Keep in mind that signs can vary depending on the type of woolly hair syndrome you have. And it’s also very important to take into consideration that this condition can occur in isolation or in relation to other health issues, in which case it can be accompanied by other problems.

As reported in a 2012 case study in the International Journal of Trichology, different anomalies have been associated with different types of woolly hair, including:

  • Noonan syndrome
  • Keratosis pilaris
  • Cardiofaciocutaneous syndrome
  • Naxos disease
  • Palmoplantar keratoderma (with autosomal recessive variant)
  • Cardiac anomalies (with autosomal recessive variant)
  • Carvajal syndrome
  • Ectodermal dysplasia

Other hair shaft disorders like pilli annulati and trichorrhexis nodosa, as noted in a 2019 study in the Case Reports in Dermatological Medicine, may also be seen with it. Therefore, it’s important that if you or your child is experiencing any issues with their hair, you should consult a board-certified medical professional.

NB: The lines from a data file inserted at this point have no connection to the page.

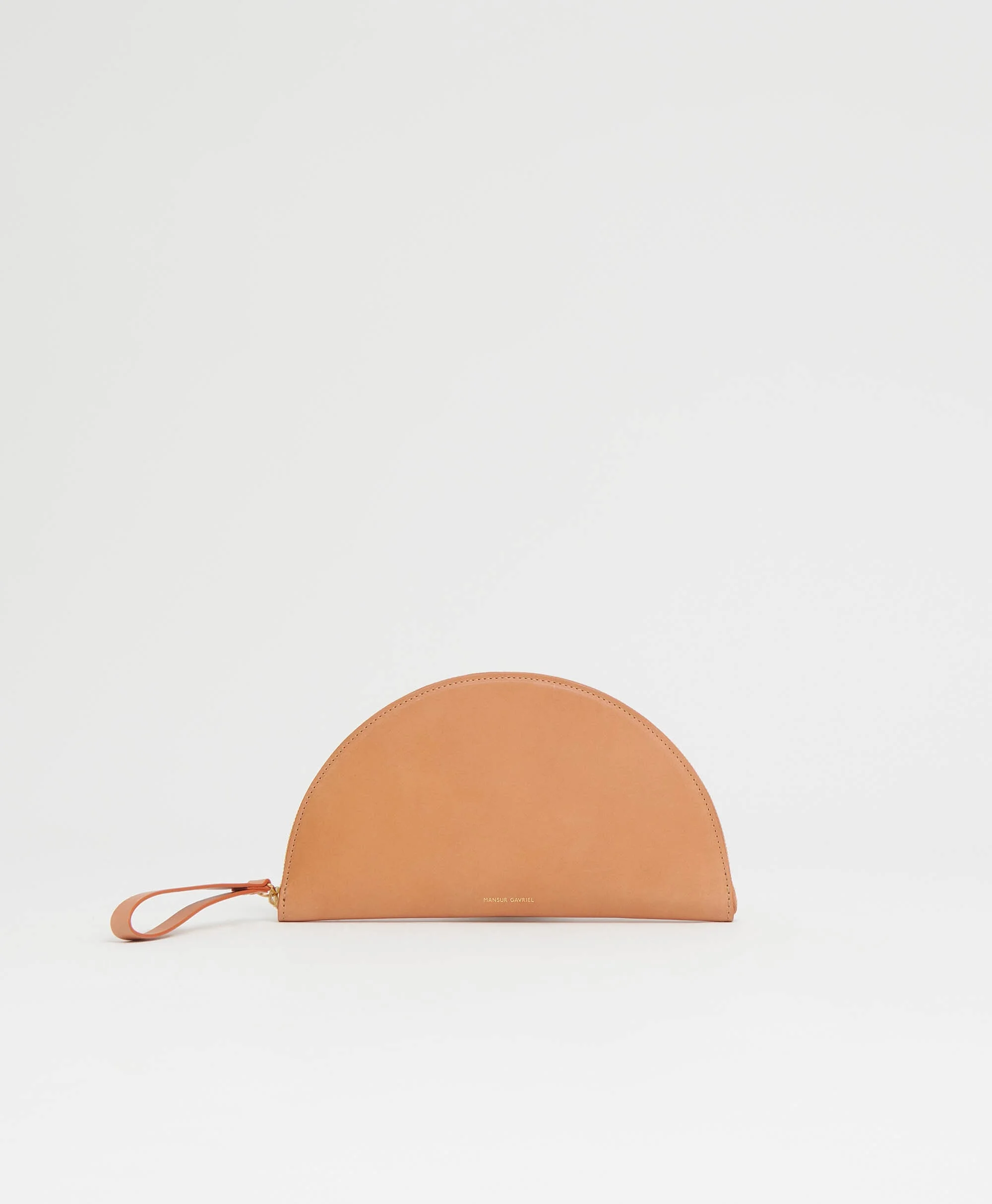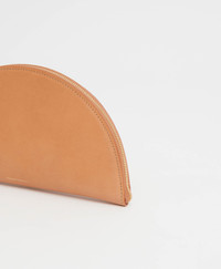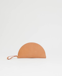 Shaped like a crescent, our Moon Wristlet is crafted from smooth, vegetable tanned Italian leather with a zip pull that doubles as a wrist loop. Its pop of color interior features a slim pocket for cash, credit cards, and the occasional bit of loose change. Details Width: 9 in / 23 cm Height: 5 in / 13 cm Depth: .7 in / 2 cm Composition: 100% Italian Vegetable tan Leather Lining: 100% Italian Lambskin Leather Made in Italy Materials Our Italian Vegetable Tanned Leather is a classic leather that shows its wear beautifully over time. It will not remain pristine and sleek, and although scratching will occur, we do not view these marks as defects. The patina created by daily wear-and-tear is meant to change and evolve over time.
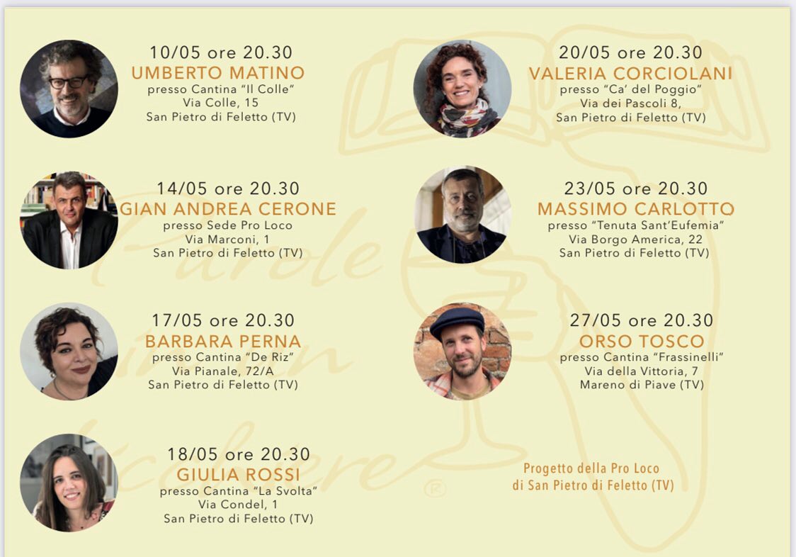 Rassegna letteraria itinerante che si svolge nelle Cantine vinicole del territorio di San Pietro di Feletto (TV) nella cornice delle Colline di Conegliano e Valdobbiadene, territorio UNESCO.
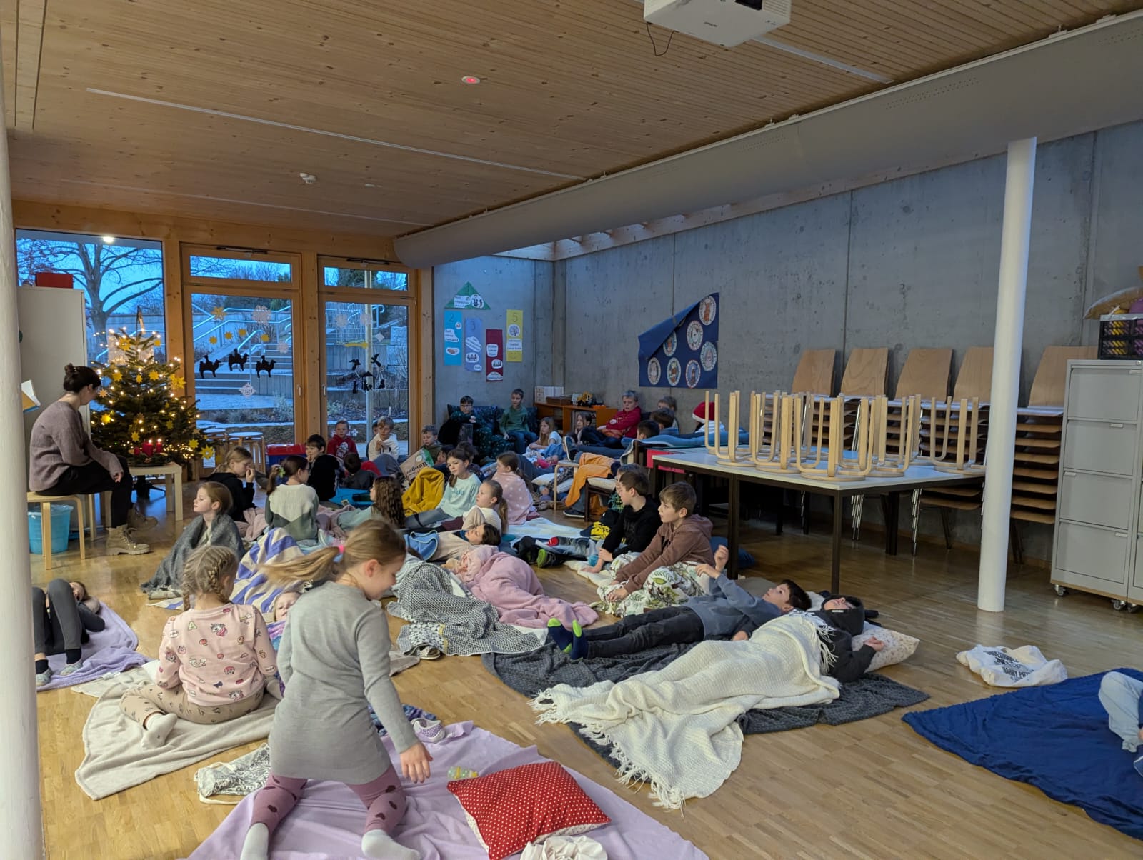 Jeden Montag treffen sich alle Schüler und Schülerinnen in der ersten Stunde um gemütlich zusammen einer Adventsgeschichte zu lauschen.
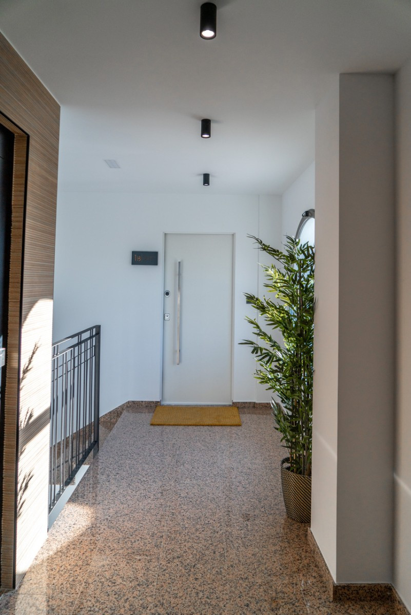 The interior stands out for its elegant and functional style: a fully equipped Italian designer kitchen with appliances, three bedrooms and three full bathrooms (one en suite), as well as ducted air conditioning and blue heat heating throughout. High-end materials , such as Schüco windows and a security door with code access , guarantee maximum quality and comfort.\n
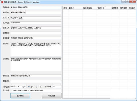 7、服务单生成系统官方版支持项目名称、服务地址、联系人、联系电话、指派人员等内容设置
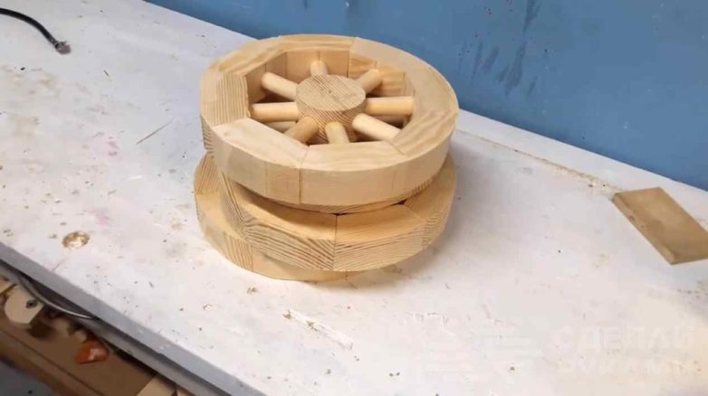 После этого автор приступает к сборке колес. В центральную часть колес вставляем спицы длиной по 7 см, потом надеваем на них восемь деревянных сегментов. Соединения промазываем клеем ПВА.
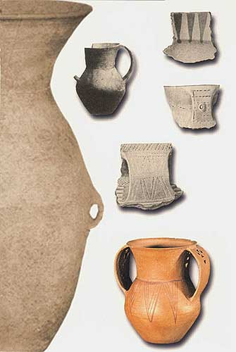 陶甕:盛器(左上,高11.8厘米)
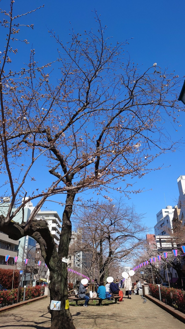 道路の中央歩道にベンチやトイレもあり普段... 続きを読むから憩いの場所になっていますが、桜並木になっているので毎年桜まつりが行われる。コロナ禍では祭りは無かったが桜はいつもの様に咲き、人影が少ない中でもゆったりと花見ができた。今年は四年ぶりの規制なしの花見になり近所のお寺にお彼岸の墓参りに来たついでに寄ってみた。今年は東京はとても早い桜の開花でしたが、ここは今日19日はまだ二三分咲きでまだまだこれからでしたが、良いお天気で休日だったので久しぶりに大変賑わっていました。近隣にはお洒落な飲食店も多く露店やイベントもあるのですが、今年はどうなのでしょう。満開になるととてもキレイでなごやかな所です。
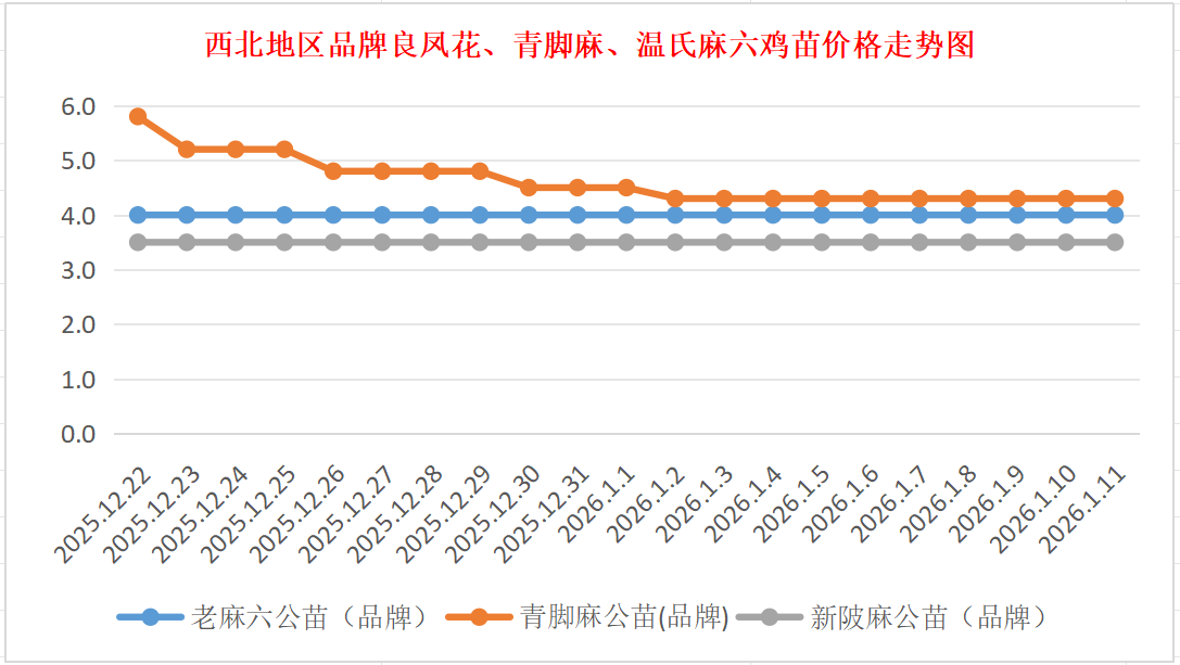 西北地区麻鸡苗价格走势图(来源:鸡病专业网)
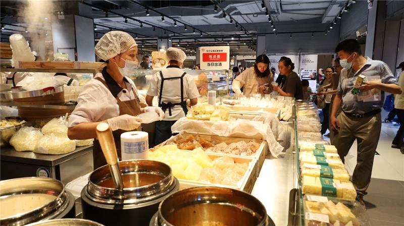 過去,不少顧客對(duì)永輝的印象更多聚焦在生鮮產(chǎn)品上,但現(xiàn)在,像奈雪的茶、張一元、瑞幸、美心、煌上煌、絕味這些熱門的品牌都出現(xiàn)在了公園道店的貨架上,選品更時(shí)尚,更多元。在‘老本行’生鮮方面,保留了部分顧客認(rèn)可度高的商品,也增加了M5級(jí)別的安格斯牛肉、俄羅斯進(jìn)口的帝王蟹等“新寵”。除了商品的調(diào)整,公園道店還有了更多“煙火氣”。門店入口處增加了特色烘焙區(qū),6名烘焙師現(xiàn)場(chǎng)制作,推出了黑芝麻貝果、紅茶奶酥等烘焙產(chǎn)品。新增了“永輝食堂”,不僅能夠?yàn)轭櫩同F(xiàn)場(chǎng)加工部分生鮮產(chǎn)品,還提供撈化、缽缽雞、輕食、鹵味、麻辣燙、炸串、壽司等等餐飲選擇。門店還試點(diǎn)了當(dāng)下流行的“海鮮自助”模式,顧客可以自由挑選裝盤的海鮮,豐儉由人。

What Is The Treatment For Woolly Hair Syndrome?

There is no treatment for woolly hair syndrome. However, according to Orphanet, the following can be done:

  • Surgically cutting out of the woolly hair nevi, depending on its size and where it’s located.
  • Avoiding the use of harsh physical and chemical cosmetic treatments.

It is said that the condition may get better with time, however. But in any case, a consultation with a medical doctor is extremely important.


Woolly hair syndrome can not only be a cosmetic problem, but its presence may also be a sign of a more serious health problem, which is why it’s you must not be dismissive of it. While a treatment for it may not be available, your doctor may still give you helpful advice on the management of this condition.